While you might not expect it, viewing nature is effective in encouraging productivity, calming anxieties, and boosting overall mood, even though there is no direct access of the viewer to actual nature. One should never underestimate the effects images of nature have on human brains, emotional states, and psychologies, explain Katherine R. Gamble, MS, James H. Howard, Jr., Ph D, and Darlene V. Howard, Ph D in their published study “Not just scenery: Viewing nature pictures improves executive attention in older adults.” Viewing images of nature -- paintings, photographs, etc. -- improve memory, concentration, and many other aspects of daily human behavioral activity. Studies conducted prior to that completed by the researchers listed above proved that even brief exposure to or “time in nature has psychological benefits, too, such as increasing people’s positive outlook and psychological energy.”
However, the study published by Dr’s Howard and Howard, and researcher Gamble was “the first study to show that viewing nature pictures improves attention in older adults, and to show that it is executive attention, specifically, that is improved,” which is significant because “nature exposure offers a quick, inexpensive, and enjoyable means to provide a temporary boost in executive attention.” Viewing images of nature has also been proven to quicken recovery time from both physical and mental illnesses (if the episodes were acute), to enhance worker productivity in an office environment, and to lessen the anxieties associated with poor performance. According to Chris Mooney in an article for The Washington Post, no matter what your age, “just looking at nature can help your brain work better.” As such, consider placing framed photos of your travels to natural wonders (national parks, beaches, etc.) or adding paintings that evoke the beauty of the natural world.
3. Work with the Materials of Feng Shui
Any biophilic interior requires nature’s touch in every corner of the home -- from the organic materials of the house’s structure to the growing potted houseplants on each sill. However, you should be conscious not to restrict yourself to traditional references to nature -- e.g. tall grass, rustling leaves, or gerber daisies.

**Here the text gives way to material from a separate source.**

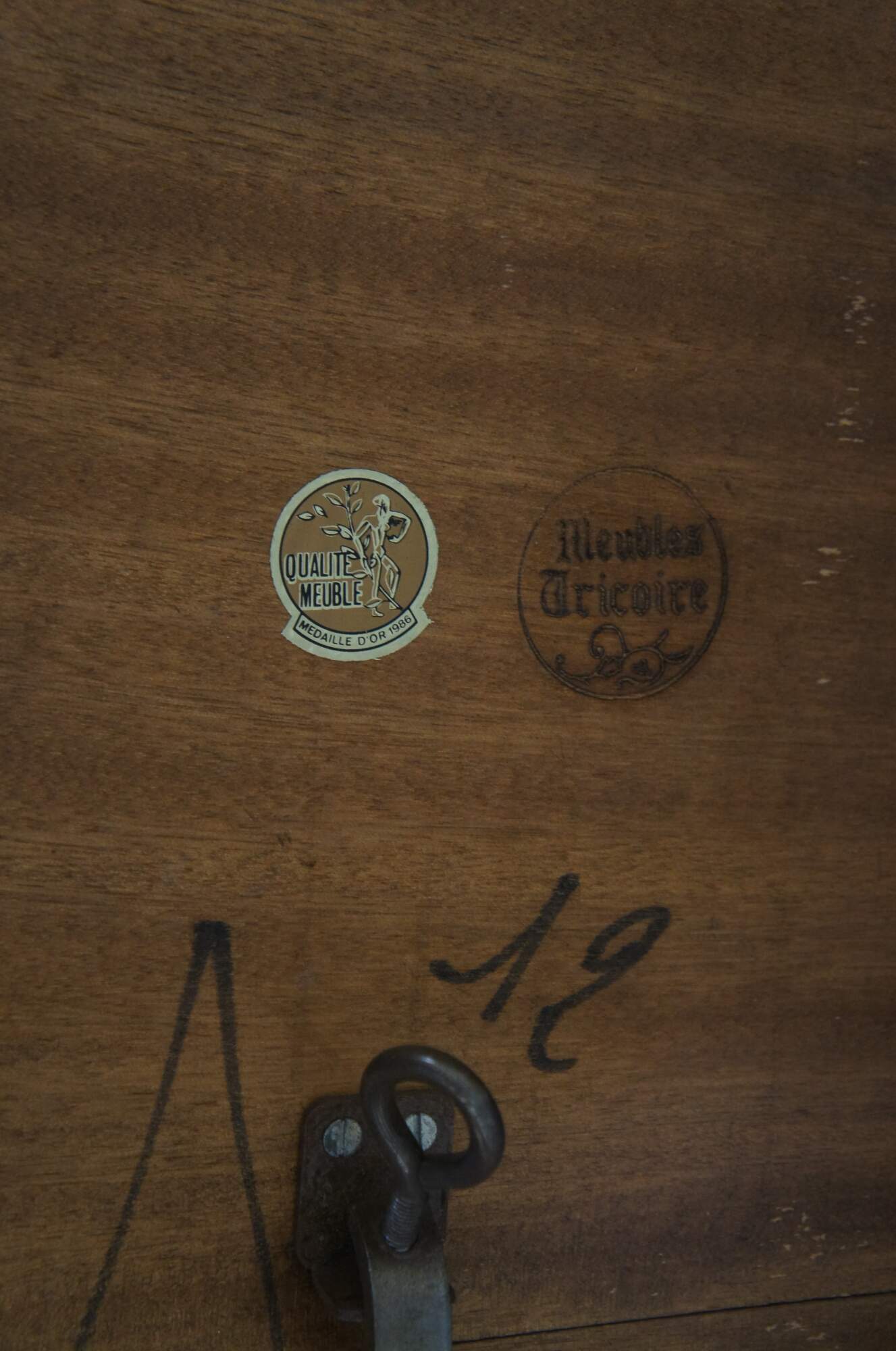 Tricoire Vintage French Country dining table, circa 1980s. Made from solid walnut with a round extendable plank top, serpentine apron and cabriole legs. Naturally distressed with two leaves for extension.

Instead, consider the elements (and materials) of nature that are essential to ancient philosophies like Feng Shui. According to the article “What is Feng Shui? | An Interior Decorating Guide” from Invaluable -- a collectors’ site -- the five most important elements harnessed through Feng Shui in order to create balance and harmony within a home (and thereby, within its residents and visitors) are “wood, metal, earth, water and fire.”
According to the article, each element represents a different emotion, state, or goal, with wood symbolizing “growth and vitality,” metal symbolizing “logic and intelligence,” earth symbolizing “stability and balance,” water symbolizing “clarity and relaxation,” and fire symbolizes “passion and energy.” Choose pieces for your home that correspond to these elements and the effect or atmosphere you are hoping to create in each room. For instance, consider “plants and wooden furniture” to encourage growth in a creative space like a craft room or artist’s studio. Consider placing mirrors around a space intended for reflection -- no pun intended -- and serenity.
By following the three tips listed above, you will be well on your way to creating the perfect indoor sanctuary or entertainment space infused with calming and revitalizing elements from the natural world.